だが、今回のイギリスGP仕様は、Bスペックと呼べるほどの別物になっていた。

 ノーズはより幅広い形になって、その両脇にシュモクザメの目のように車載カメラのカバーを前進してつけている。こうすることで、ノーズから車体の底へ向かう気流の量と質を、より改善しようとしていることが明確にうかがえる。車体の周囲を流れる気流のうち、上流となるノーズ付近を改良したことに呼応して、中・下流にあたる車体の底やディフューザーも改良されていた。

 とくにディフューザーはモナコGP以後のダブルデッカー型のままながら、その幅が拡大されていた。トルコGPまでの仕様では、ディフューザーの側壁とリアウイングの翼端板が一体化され、翼端板がディフューザーを後ろに延長して、ディフューザーの性能を高める役割をしていた。反面、この旧型では、ディフューザーの幅は、リアウイングの最大幅750mmに制限されてしまっていた。今回の新型では、リヤウイングの翼端板とディフューザーが別になった。これで、ディフューザーの幅は、この部分の規定いっぱいの1000mmまで広げられた。結果、ダブルデッカーとあいまって、よりディフューザーの効果を上げたようだ。

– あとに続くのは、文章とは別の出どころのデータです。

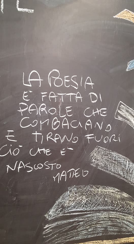 “Il 21 e il 22 marzo 2019 davanti alla scuola materna ed elemetare Falcone e Borsellino, in strada e in biblioteca, potrà capitarvi di imbattervi in una tempesta di poesie. Per il quarto anno consecutivo festeggiamo la giornata mondiale della poesia, e lo facciamo nel modo che più ci appartiene, attraverso un flashmob poetico, allestendo una installazione di “Esseri umani” il 21 marzo, prima dell’ingresso in aula, festeggiando con i bambini e le bambine delle classi quarte grazie all’incontro con Silvia Geroldi in orario scolastico e con tutti i bambini che vorranno partecipare il pomeriggio, in biblioteca, per una matta merenda poetica, e il 22 pomeriggio con filastrocche rime e fantasticherie di e con Massimiliano Maiucchi. La poesia è un atto di pace, dice Pablo Neruda.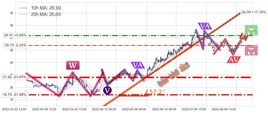 ♘ 阻力价格位28.37,可信任强度59.29%,距离最后交易2022-08-12 14:00形成的收盘价格27.39相差 +3.58%

 エンジンカウルも改良され、リアウイングへの気流もより改善された。リアウイングの効果が上がることで、ディフューザーの効果も高めることができる。RB5は、空力の鬼才エイドリアン・ニューウィーと流体力学の大家ジェフ・ウィリスらしい、より空力で洗練されたマシンにしあがった。さらに、このRB5はサスペンション設計も一新され、タイヤの位置をやや後ろにした。これは、重量配分をより前寄りにして、フロントタイヤをより機能させ、リアタイヤへの負担を減らす狙いで、速いがタイヤへの負担が大きいというRB5の弱点を克服しようとしていた。

マシンの前後に改良を加えてきたレッドブル

 フェラーリF60も、フロントサスペンションの設計を変更して、フロントタイヤを後ろ寄りに移しレッドブルと同様の効果を狙っていた。BMWザウバーも、ディフューザーなど空力部品にかなり改良を加えてきた。ウィリアムズは、ディフューザーをトリプルデッカー(3段構成)にしてきた。こうすることで、車高が微妙に変化しても、どれかひとつの段で気流の状態が悪くなるだけで、他の段が機能するようになり、より安定したダウンフォース発生量で、安定した操縦感覚と走りにできるという。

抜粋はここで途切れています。